- Work task
Please restate, exactly as they appear, only the lines from the one that contains "ラフタークレーンなどを使用し、安全に伐採出来ました。" to the final line of the entries, with no pictures.

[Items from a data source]
================================
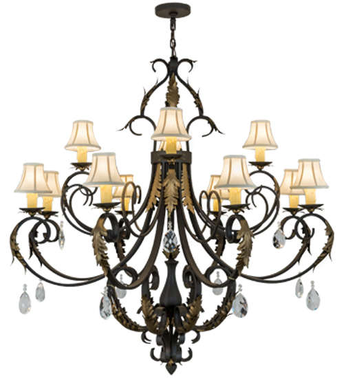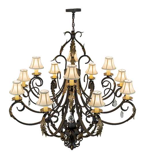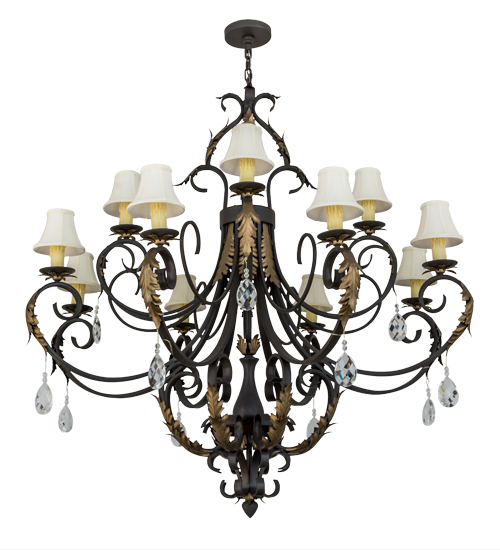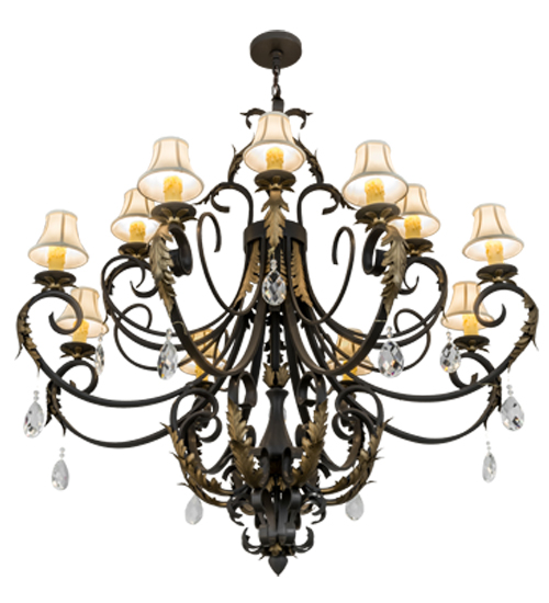 An elegant chandelier design comes to light with sophistication and distinction. 12 Faux Amber candlelights topped with Cream Textrene Trumpet shades are perched on bobeches, which are embraced by exquisite scrolled arms featured in a Timeless Bronze finish. The fixture is complemented with Gold Metallic finished Acanthus Leaf accents and an array of crystal pendalogues. Handcrafted in our facility in Yorkville, New York, this chandelier is available in custom sizes, styles, colors and dimmable energy efficient lamping options including LED. The fixture is UL and cUL listed for dry and damp locations.
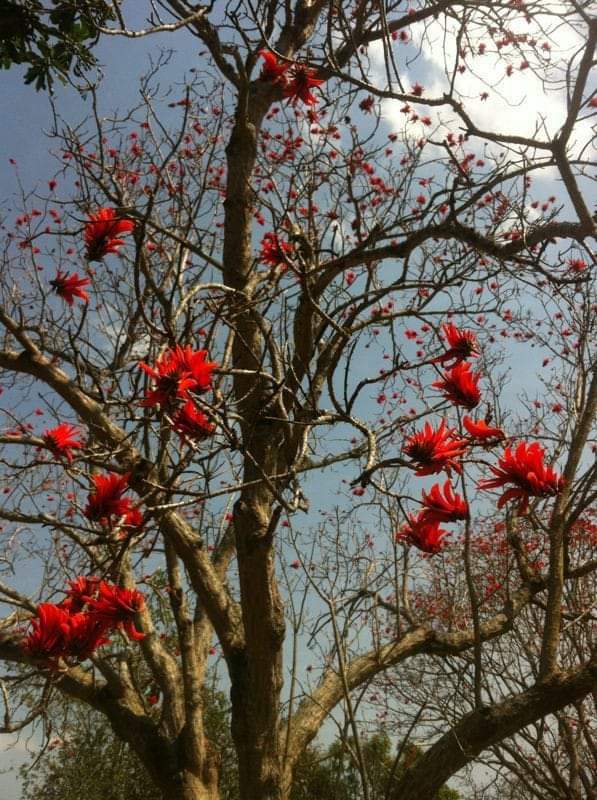 🔴El colorín mide de 3 a 10m de altura, sus ramas son espinosas y de color verde pálido con grupos de flores rojas como arillos. Las flores tienen racimos piramidales rojas llamativas. Son fácilmente reconocibles porque todos hemos visto uno en la ciudad.
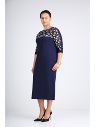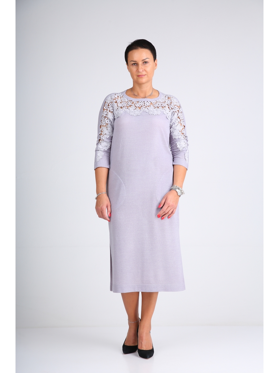Платье полуприлегающего силуэта, выполнено из мягкого трикотажного полотна. Рукав реглан цельнокроеный "летучая мышь". В боковых швах потайные карманы. Полочка декорирована отрезной кокеткой из кружева. Горловина круглая, обработанная руликом. В боковых швах разрезы.
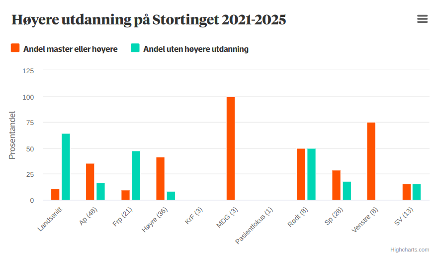 Men Arbeiderpartiet er ikke alene om å ha mange akademikere i stortingssalen. Det er gjennomgående for alle andre partier enn Frp. Khrono viser til denne grafen:
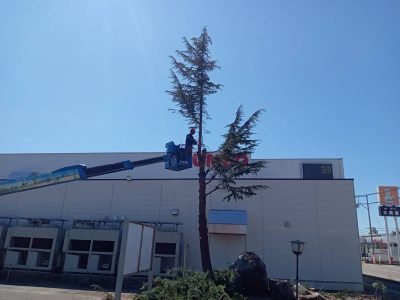 ラフタークレーンなどを使用し、安全に伐採出来ました。
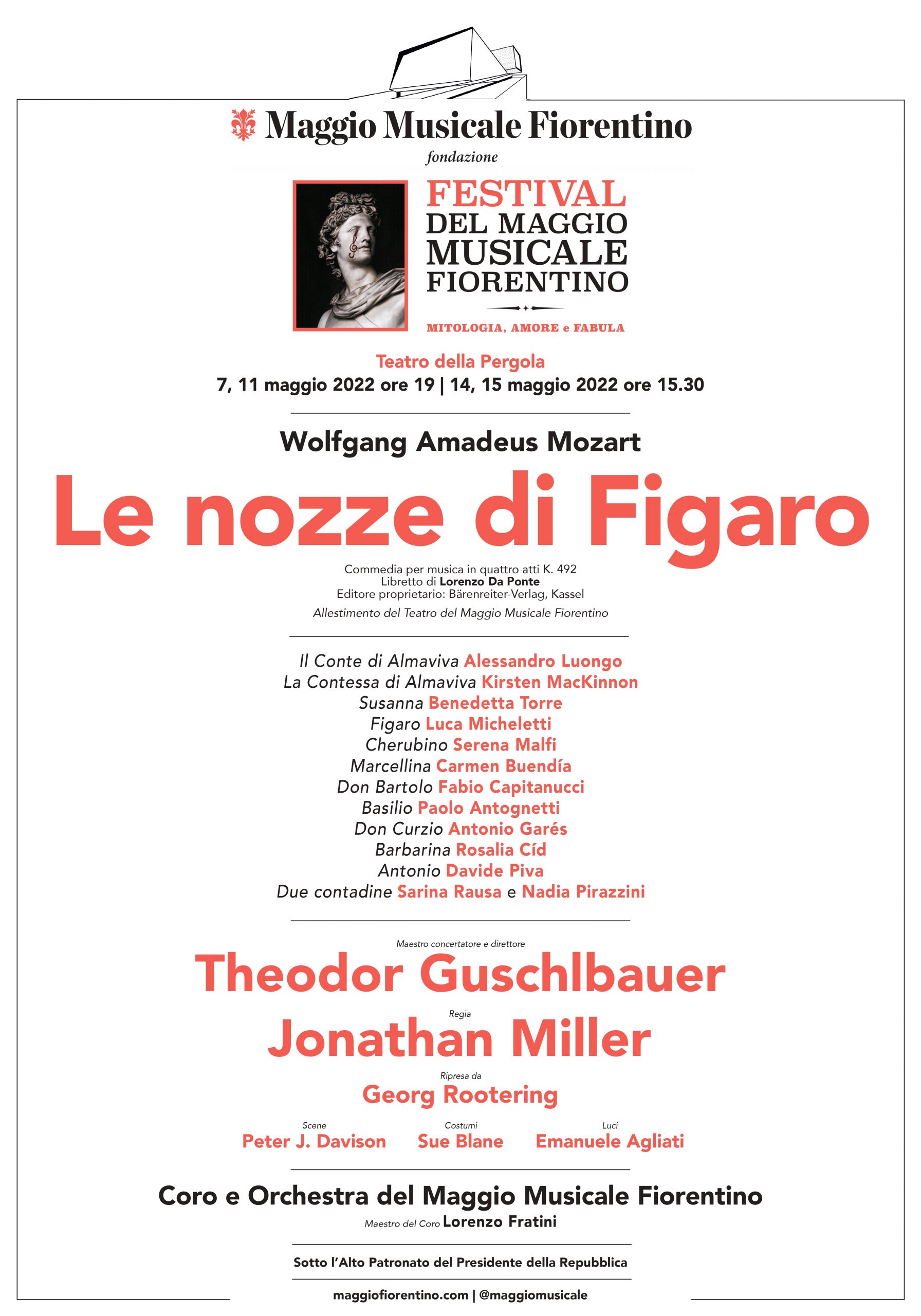 Rendiamo noto che il maestro Marc Minkowski non dirigerà più l’opera "Le nozze di Figaro" e, al suo posto, salirà sul podio il maestro Theodor Guschlbauer. A seguito di ciò l’ultima recita, prevista per il 19 maggio 2022 ore 19 al Teatro della Pergola, è spostata all’11 maggio 2022 (stesso orario e stesso luogo).
================================
- Answer below
 ラフタークレーンなどを使用し、安全に伐採出来ました。
 Rendiamo noto che il maestro Marc Minkowski non dirigerà più l’opera "Le nozze di Figaro" e, al suo posto, salirà sul podio il maestro Theodor Guschlbauer. A seguito di ciò l’ultima recita, prevista per il 19 maggio 2022 ore 19 al Teatro della Pergola, è spostata all’11 maggio 2022 (stesso orario e stesso luogo).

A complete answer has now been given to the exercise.